これだけを読むと登場人物の言葉を通して芥川龍之介が馬琴を批判しているかのように受け取れます。ちょっと気になったので実際に「戯作三昧」を読んでみました(短編なのですぐ読める)。

芥川の「戯作三昧」は馬琴に自己の心情を仮託していて、馬琴に対しては批判的どころかむしろ共感をもって描いています。読み方によっては、「戯作三昧」の馬琴は芥川龍之介自身であるともいえます。時代背景を大正時代にして、主人公を馬琴ではなく「私」にしたとしてもほとんど違和感がありません。

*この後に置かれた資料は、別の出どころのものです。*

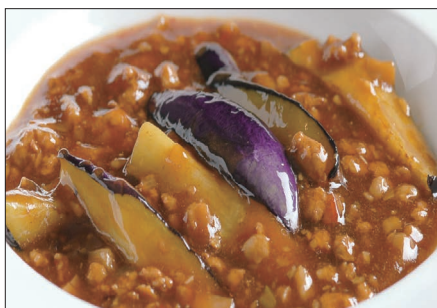
豚挽き肉と茄子の麻婆醬煮込み Stewed Eggplant with Pork Mincemeat and Hot Sauce 香辣肉崧茄瓜
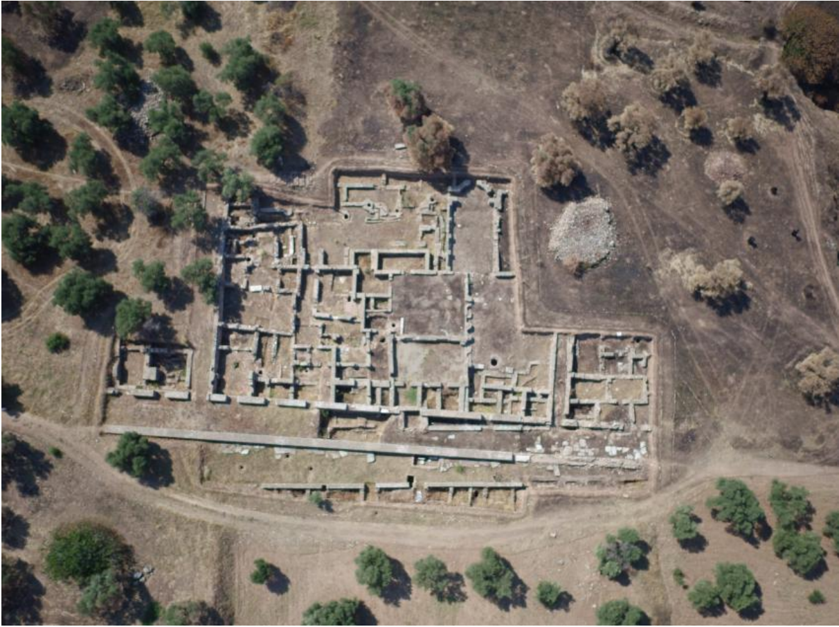
Figür 2. Tralleis Antik Kenti Konut Alanı

「戯作の時代」における宝玉正彦氏の引用に間違いはありませんが、誤解を招きやすいです。引用されているのは風呂屋で馬琴がふと耳にしてしまった無知な大衆の戯言です。芥川の「戯作三昧」はこうした世間の無理解に対する反論として書かれています。戯作文学を「過去の遺物」として軽んじるような風潮に創作者の立場から強く異議を唱えたのが「戯作三昧」という小説だと思います。

小説「戯作三昧」の主題を要約すると、

 「創作活動の何たるかも解らずに生意気なことをほざく阿呆もいる」

こんなところだろうと思います。古典・故事に独自の解釈を与えて物語を展開した芥川龍之介の小説手法は戯作文学への先祖がえりのようなところがあります。できれば江戸戯作文学の隠れ礼賛者として紹介して欲しかったです。

|

« 江戸時代最大のベストセラー小説は何か? | トップページ | テロとの戦いVSテロとの戦い »

コメント

コメントを書く



(ウェブ上には掲載しません)


コメントは記事投稿者が公開するまで表示されません。



トラックバック

この記事のトラックバックURL:
http://app.f.cocolog-nifty.com/t/trackback/122218/8457728

この記事へのトラックバック一覧です: 「戯作三昧」(芥川龍之介・新潮文庫):

« 江戸時代最大のベストセラー小説は何か? | トップページ | テロとの戦いVSテロとの戦い »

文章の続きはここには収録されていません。